Aaahhh gotcha.:thumbup:


----------



## _muppet_ (Aug 5, 2004)

If you have an emissions "guy" you could get one of these.

http://www.siliconeintakes.com/product_info.php?products_id=320




Rheinland Technik said:


>


Not to get off topic, but whose car is this? I would love to know more about the tune, as I am currently trying to tune my vrt on sds as well.


----------



## Lindahl (Feb 16, 2009)

_muppet_ said:


> If you have an emissions "guy" you could get one of these.
> 
> http://www.siliconeintakes.com/product_info.php?products_id=320


That´s pretty smart, provided that the car still keep with the emission standard.


----------



## _muppet_ (Aug 5, 2004)

It probably will, most 500whp vr's do :laugh: (that's sarcasm if you couldn't tell )


----------



## Rheinland Technik (Apr 2, 2010)

_muppet_ said:


> Not to get off topic, but whose car is this? I would love to know more about the tune, as I am currently trying to tune my vrt on sds as well.

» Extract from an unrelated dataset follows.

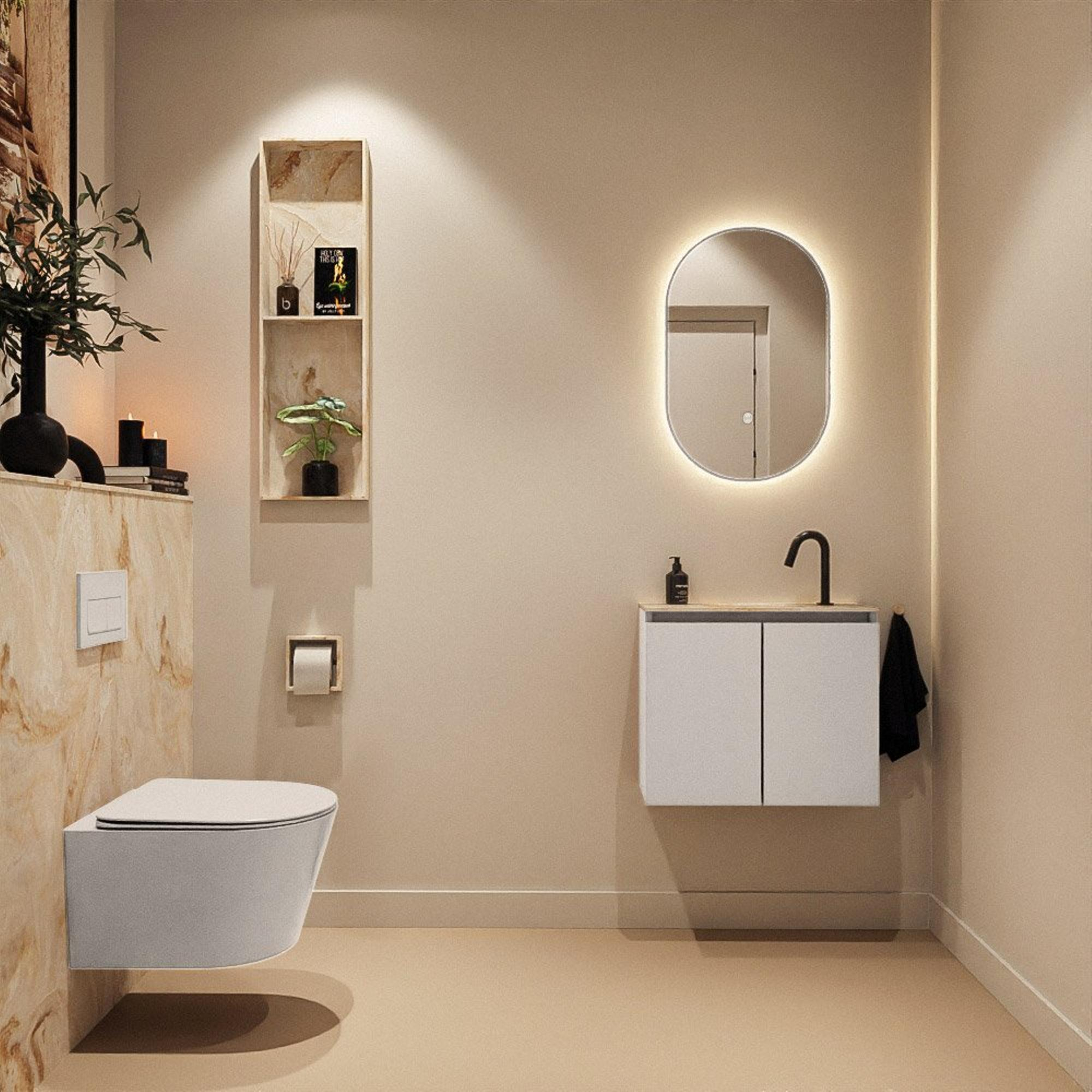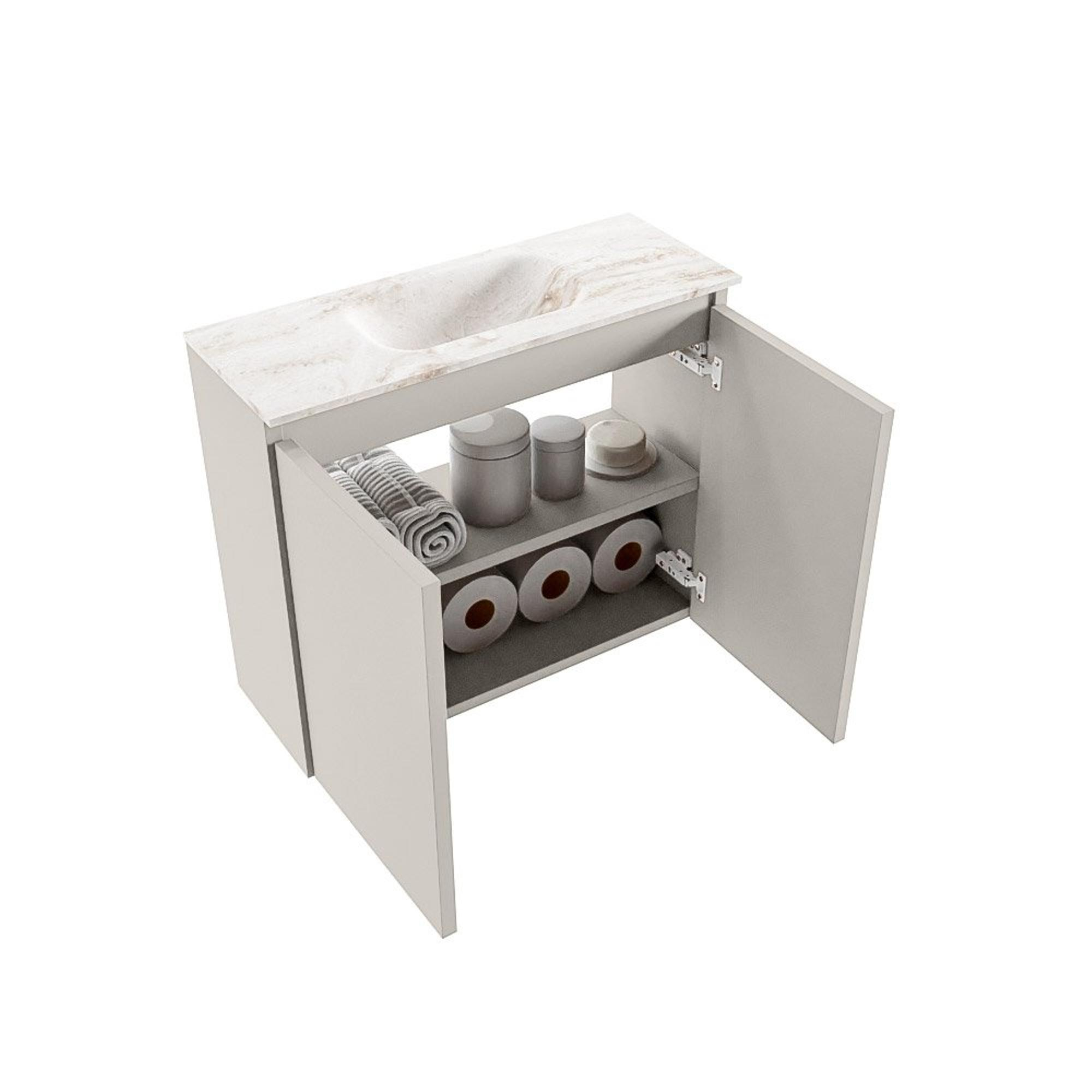 MONDIAZ TURE-DLUX 60cm toiletmeubel Linen. EDEN wastafel Frappe positie midden. Met 1 kraangat.

The car belonged to 2008CC - Dave - and was tuned by Kevin Black, who is in PA and would be the best person to talk to about tuning your SDS.


----------



## _muppet_ (Aug 5, 2004)

I have heard that quite a few times, I saw some of his work moving down the track at last years pittsburgh classic. I missed him this year, I was in north carolina the week of the classic. Might have to wait until spring, but it seems like he is the man to talk to.


----------



## SoFarKingFast (Jul 9, 2003)

TBT-Syncro said:


> there are lots of pumps that will flow 1000hp NA, but only 500-600 with Forced Induction (since line pressure raises along with boost pressure).


Line pressure doesn't go up with boost pressure. 4bar NA = 4bar FI, it just flows faster.


----------



## charlie hayes (Jun 4, 2007)

SoFarKingFast said:


> Line pressure doesn't go up with boost pressure. 4bar NA = 4bar FI, it just flows faster.


I thought fuel pressure was a 1:1 ratio with boost. Or does it depend on the regulator you have?


And how would it flow faster without raising pressure?


----------



## SoFarKingFast (Jul 9, 2003)

charlie hayes said:


> I thought fuel pressure was a 1:1 ratio with boost. Or does it depend on the regulator you have?
> 
> And how would it flow faster without raising pressure?


Well, it depends on your engine management I guess. EIP used to sell some hack job tuning software with a regulator that would increase your fuel pressure as your boost went up. You are basically tricking the ECU into thinking it has a 4 bar regulator and normal air intake when in fact you are compressing the air and raising the pressure a proportional amount.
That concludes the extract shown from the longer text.